[Recorded data]
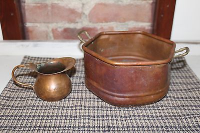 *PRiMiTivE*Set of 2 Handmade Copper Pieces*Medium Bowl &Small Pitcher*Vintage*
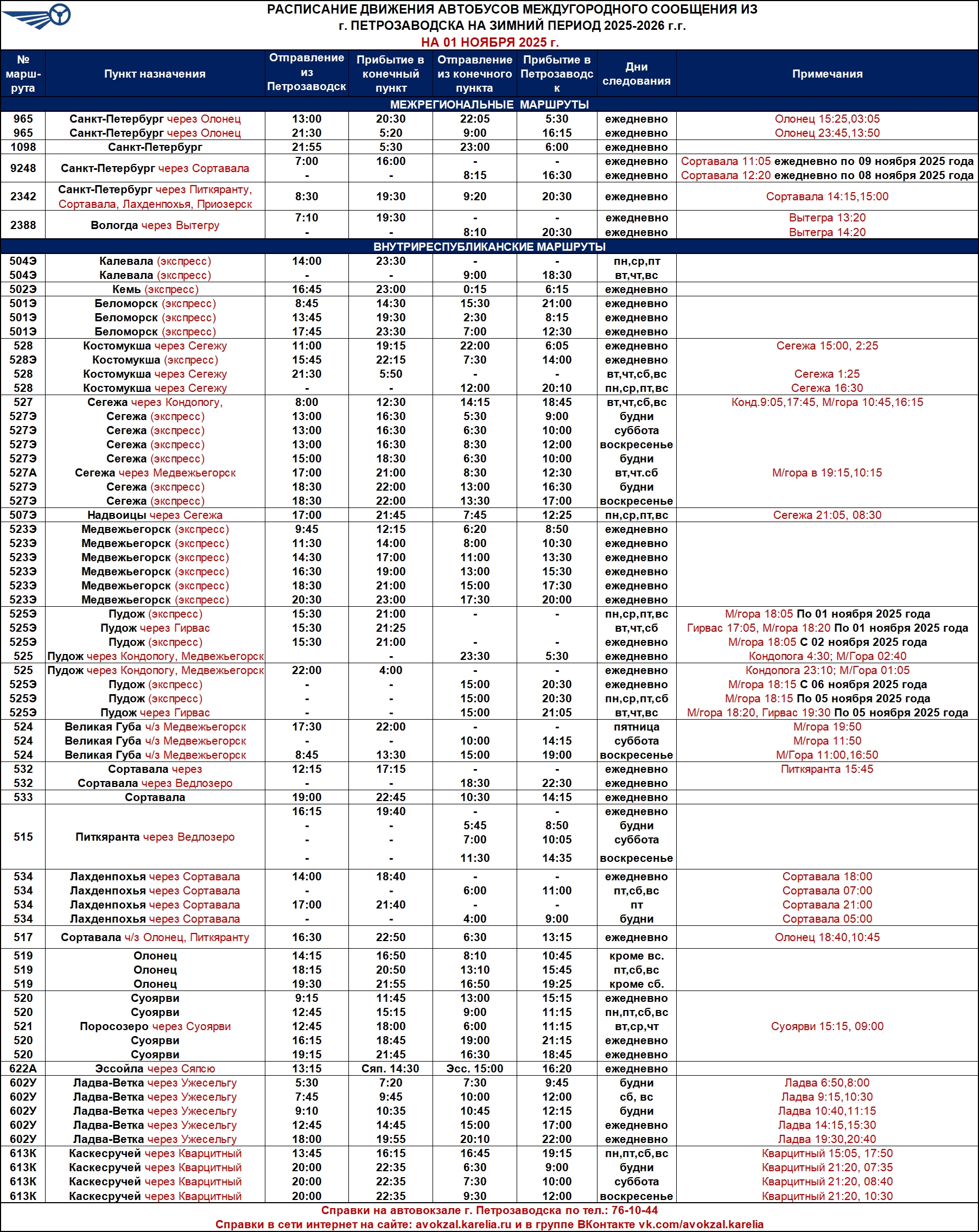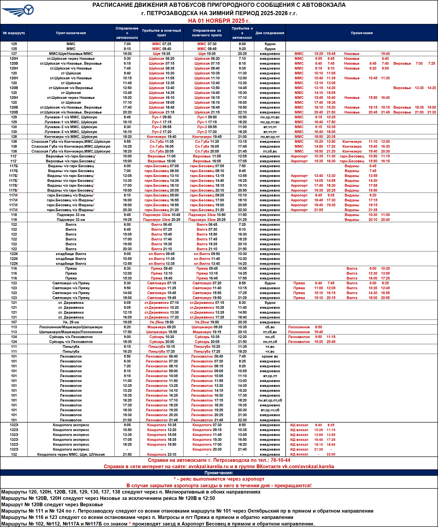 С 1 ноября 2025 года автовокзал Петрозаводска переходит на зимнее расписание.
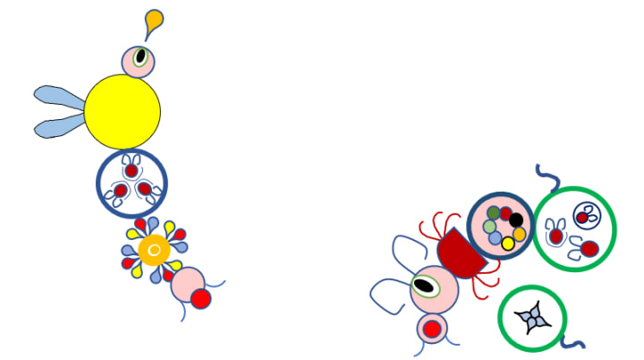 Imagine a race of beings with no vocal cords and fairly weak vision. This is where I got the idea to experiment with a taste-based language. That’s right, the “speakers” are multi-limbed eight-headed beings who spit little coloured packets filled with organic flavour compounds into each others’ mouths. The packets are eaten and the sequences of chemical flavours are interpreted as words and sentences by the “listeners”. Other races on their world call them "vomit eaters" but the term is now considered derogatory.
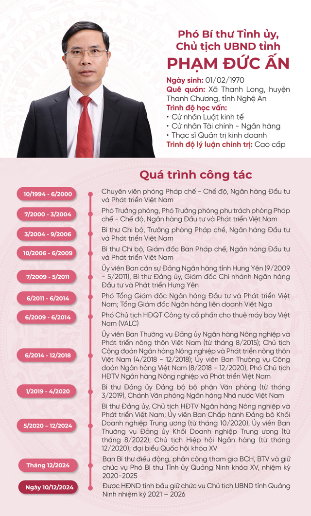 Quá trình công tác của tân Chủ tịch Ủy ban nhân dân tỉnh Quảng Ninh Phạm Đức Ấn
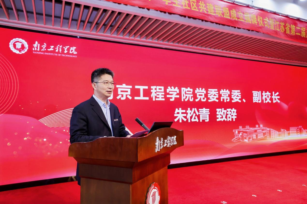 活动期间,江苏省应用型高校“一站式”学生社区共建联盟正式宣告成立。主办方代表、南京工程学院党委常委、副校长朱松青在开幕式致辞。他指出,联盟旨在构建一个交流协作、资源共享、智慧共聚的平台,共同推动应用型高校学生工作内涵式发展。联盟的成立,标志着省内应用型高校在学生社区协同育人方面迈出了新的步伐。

__Your goal__. From the line that holds "Imagine a race" to the last line of the data, return those lines exactly and nothing else; both ends count, and pictures stay out.

__Answer for the task__.
 Imagine a race of beings with no vocal cords and fairly weak vision. This is where I got the idea to experiment with a taste-based language. That’s right, the “speakers” are multi-limbed eight-headed beings who spit little coloured packets filled with organic flavour compounds into each others’ mouths. The packets are eaten and the sequences of chemical flavours are interpreted as words and sentences by the “listeners”. Other races on their world call them "vomit eaters" but the term is now considered derogatory.
 Quá trình công tác của tân Chủ tịch Ủy ban nhân dân tỉnh Quảng Ninh Phạm Đức Ấn
 活动期间,江苏省应用型高校“一站式”学生社区共建联盟正式宣告成立。主办方代表、南京工程学院党委常委、副校长朱松青在开幕式致辞。他指出,联盟旨在构建一个交流协作、资源共享、智慧共聚的平台,共同推动应用型高校学生工作内涵式发展。联盟的成立,标志着省内应用型高校在学生社区协同育人方面迈出了新的步伐。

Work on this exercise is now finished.